AT&T cannot get the US Federal Trade Commission to toss a lawsuit over ripping off an estimated 3.5 million "unlimited" data plan customers who they routinely threshold met throttled.

Now word is that the FCC is coming after AT&T for the same behavior.

AT&T argued that the FTC doesn't have jurisdiction, but the FTC said they retain such for AT&T's past misconduct. Bahahaha!

The case is Federal Trade Commission v.

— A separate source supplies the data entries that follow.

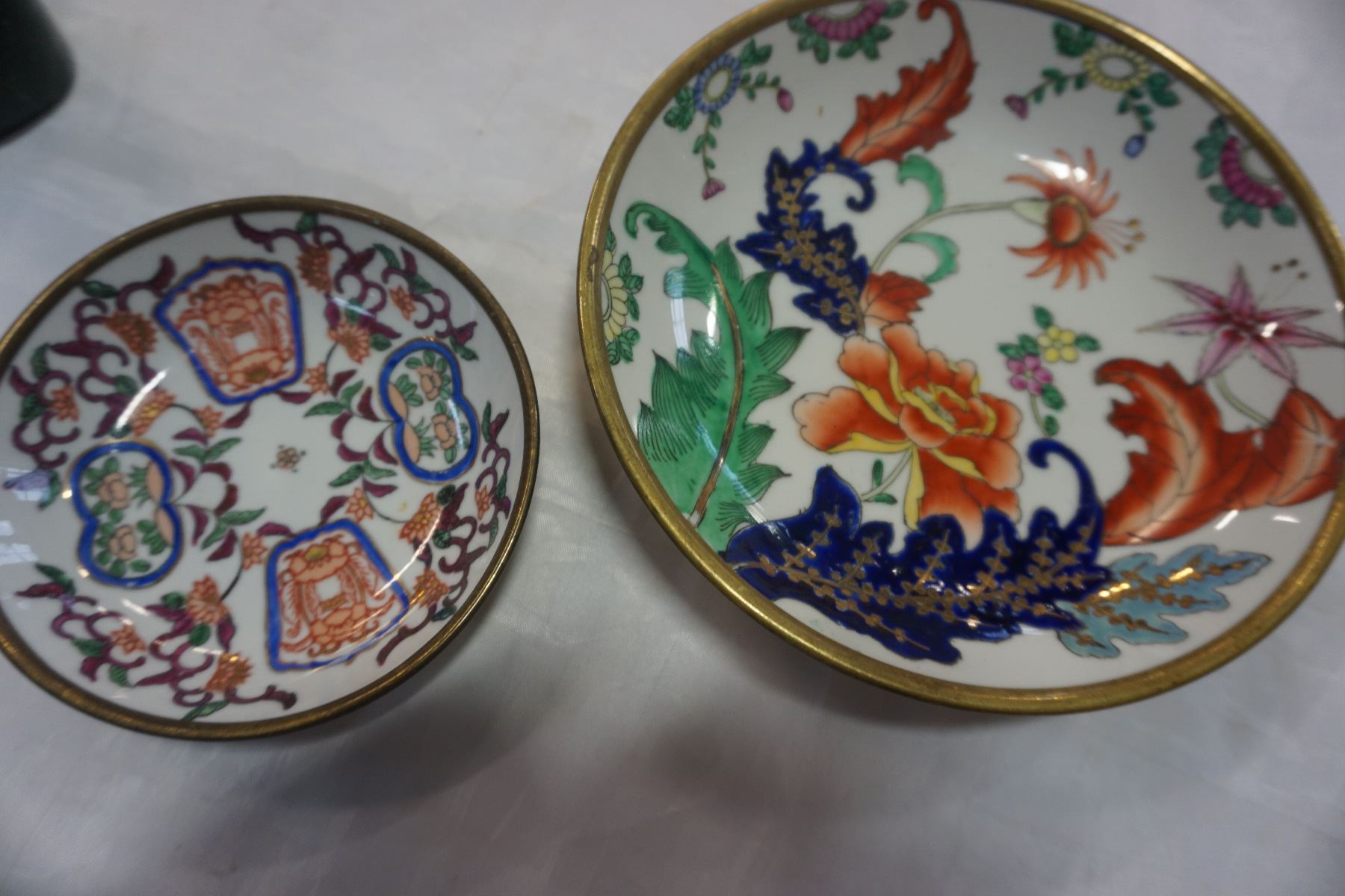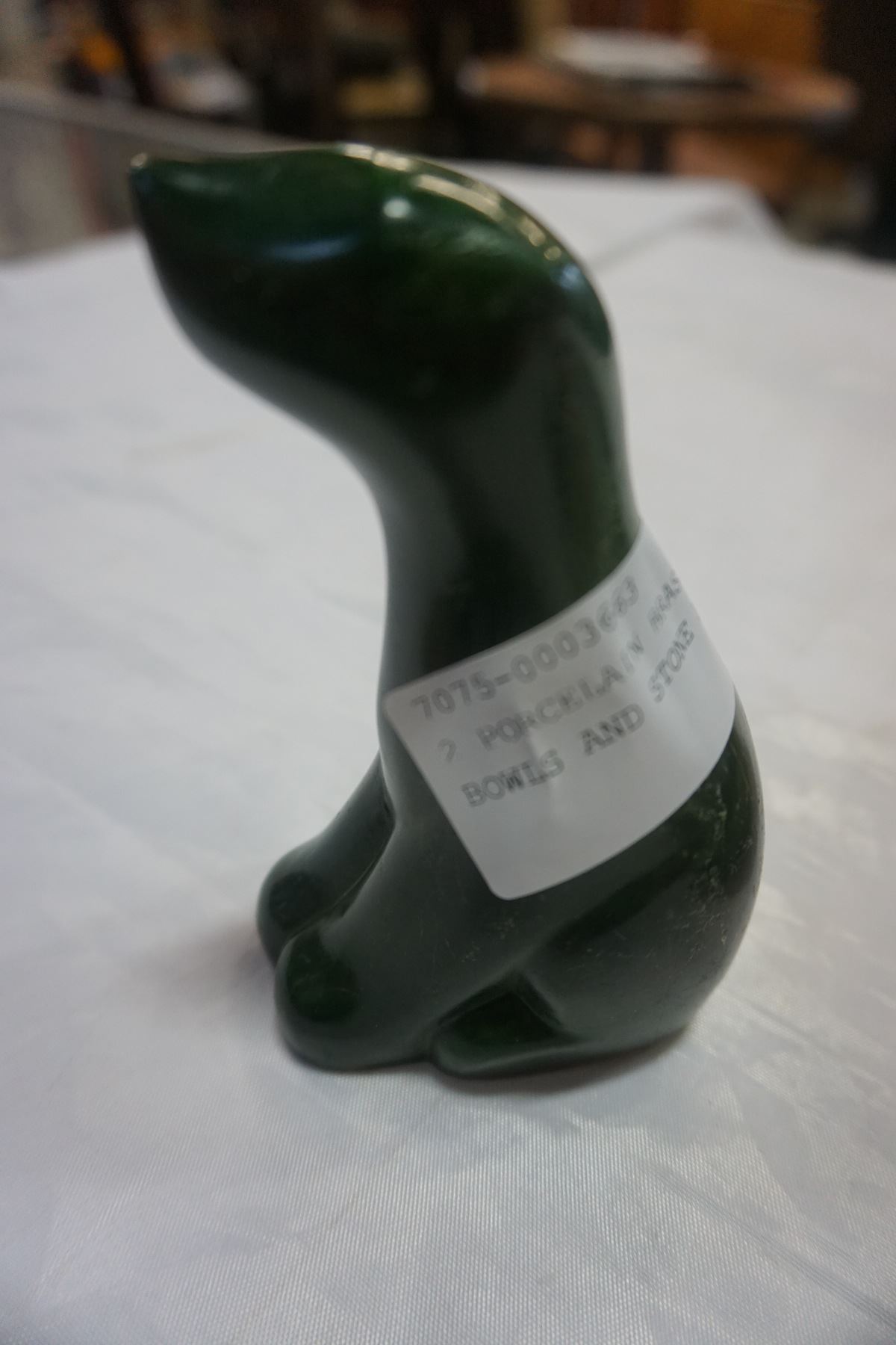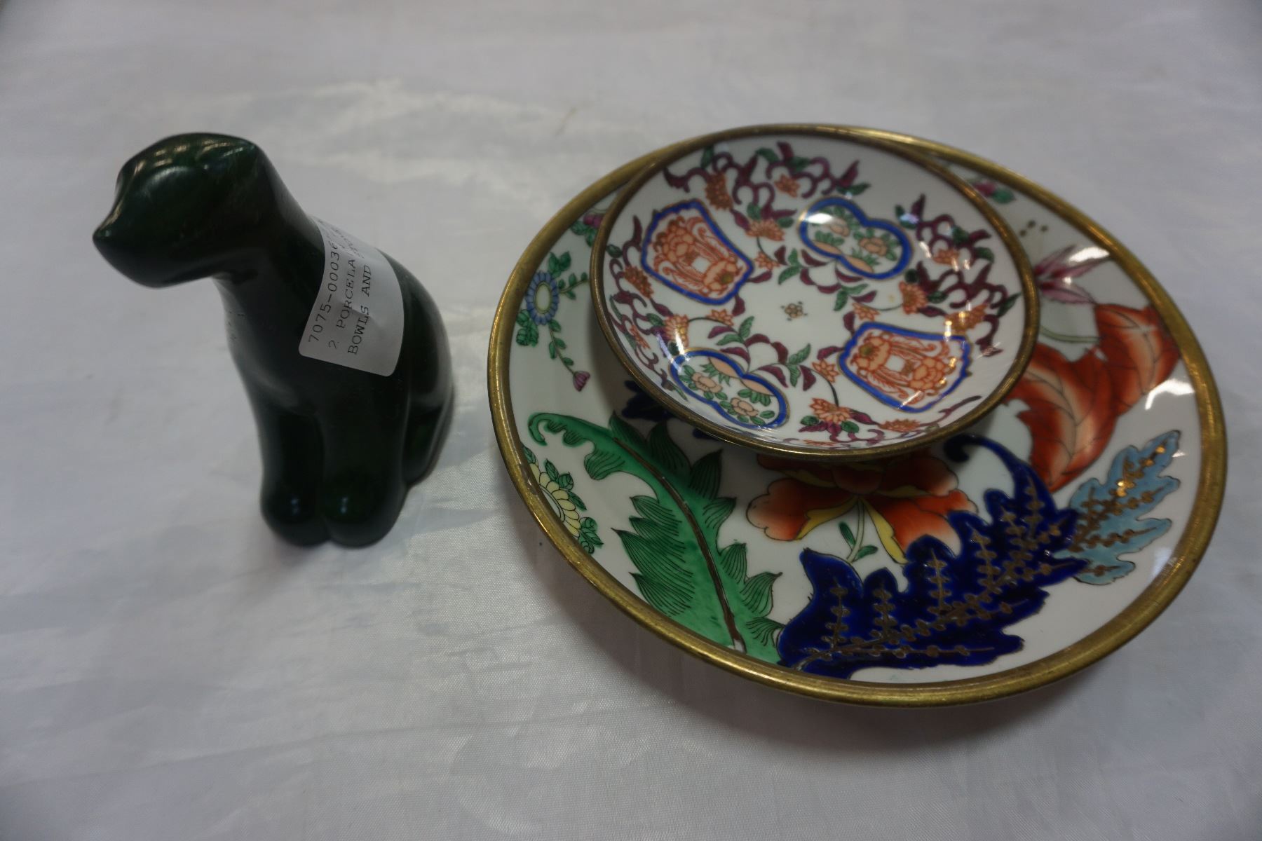 2 PORCELAIN BRASS EASTERN BOWLS AND STONE BEAR
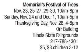 One of the most beloved events of the season, Memorial’s Festival of Trees, starts Nov. 24 at the Illinois State Fairgrounds Orr Building and runs through Dec. 1. View more than 150 Christmas trees and wreaths decorated by members of the community and marvel at the amazing handcrafted gingerbread village. Kids will delight in riding the miniature train and can visit with Santa or enjoy fresh, warm gingerbread cookies purchased from the bakery. Live entertainment is scheduled throughout each day and includes local high school, college and community choirs, musicians, dancers and more. See also
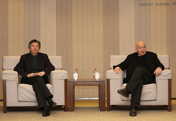 2016年1月21日下午13时,法国建筑大师让·努维尔到访我院。我院院长范迪安与让·努维尔进行了座谈交流。
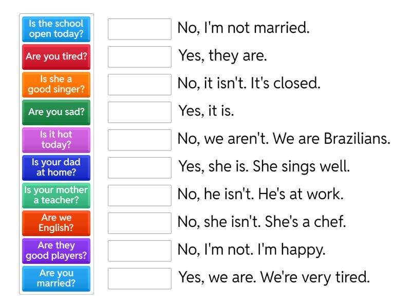 Are you sad? - No, I'm not. I'm happy., Is your dad at home? - No, he isn't. He's at work., Is it hot today? - Yes, it is., Are you married?  - No, I'm not married., Are they good players? - Yes, they are., Is the school open today? - No, it isn't. It's closed., Is she a good singer? - Yes, she is. She sings well., Are you tired? - Yes, we are. We're very tired., Is your mother a teacher? - No, she isn't. She's a chef., Are we English? - No, we aren't. We are Brazilians. ,
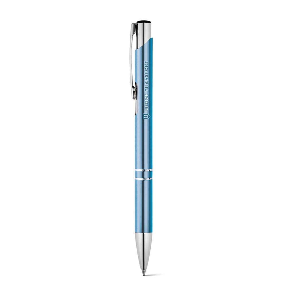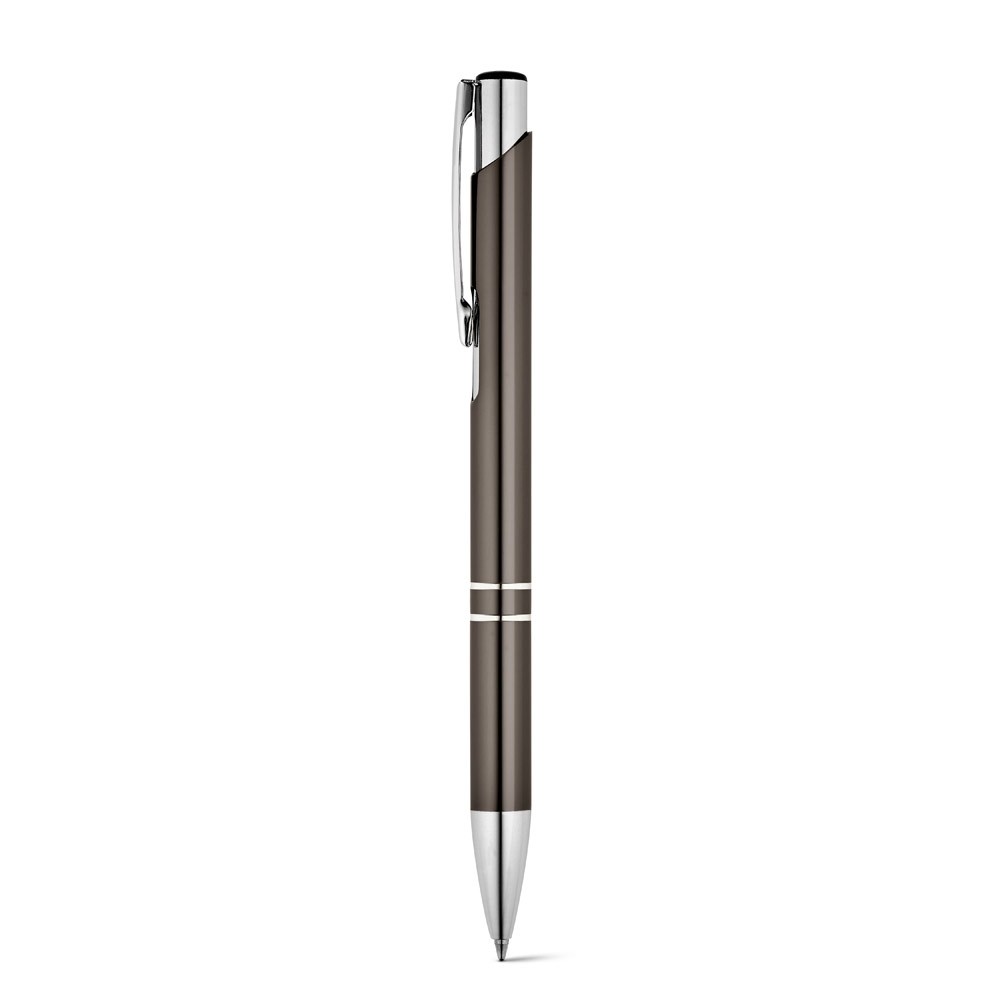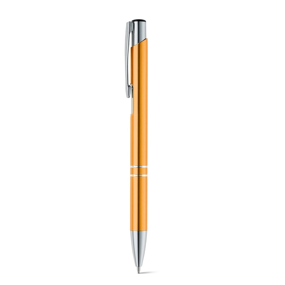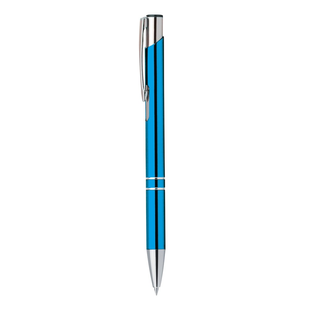 CANETA METAL INTEIRA COLORIDA COM DETALHES PRATA. CLIP METAL COM A PONTA DO ACIONADOR PRETO, PARTE INFERIOR COM DOIS ANÉIS PRATA. ACIONA POR CLIQUE. TAMANHO TOTAL: 14 X 3.3CM. PESO DO PRODUTO: 16 GRAMAS.
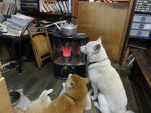 ストーブの前に集まってきました。
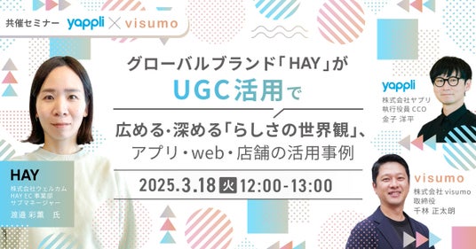 アプリプラットフォーム「Yappli(ヤプリ)」を提供する株式会社ヤプリ(本社:東京都港区、代表取締役:庵原保文、以下「ヤプリ」)は、株式会社visumo(本社:東京都渋谷区、代表取締役社長:井上 純、以下「visumo」) が運営するビジュアルマーケティングプラットフォーム「visumo(ビジュモ)」のUGC(※)活用機能「visumo social」と連携し、株式会社ウェルカム(本社:東京都港区、代表取締役 横川正紀)が運営する、「HAY公式アプリ」のUGC活用支援を開始したことをお知らせいたします。

AT&T Inc., 14-cv-04785, U.S. District Court, Northern District of California (San Francisco).

http://www.bloomberg.com/news/articles/2015-03-31/at-t-loses-bid-to-dismiss-ftc-mobile-data-slowdown-lawsuit-i7xvxj28


----------



## SeriesN (Apr 3, 2015)

#T-mobile will be more then happy to welcome you.


----------



## MannDude (Apr 3, 2015)

SeriesN said:


> #T-mobile will be more then happy to welcome you.


Don't you _work_ for T-mobile? 

T-mobile is pretty great in large cities but their rural coverage... eek.


----------



## DomainBop (Apr 3, 2015)

SeriesN said:


> #T-mobile will be more then happy to welcome you.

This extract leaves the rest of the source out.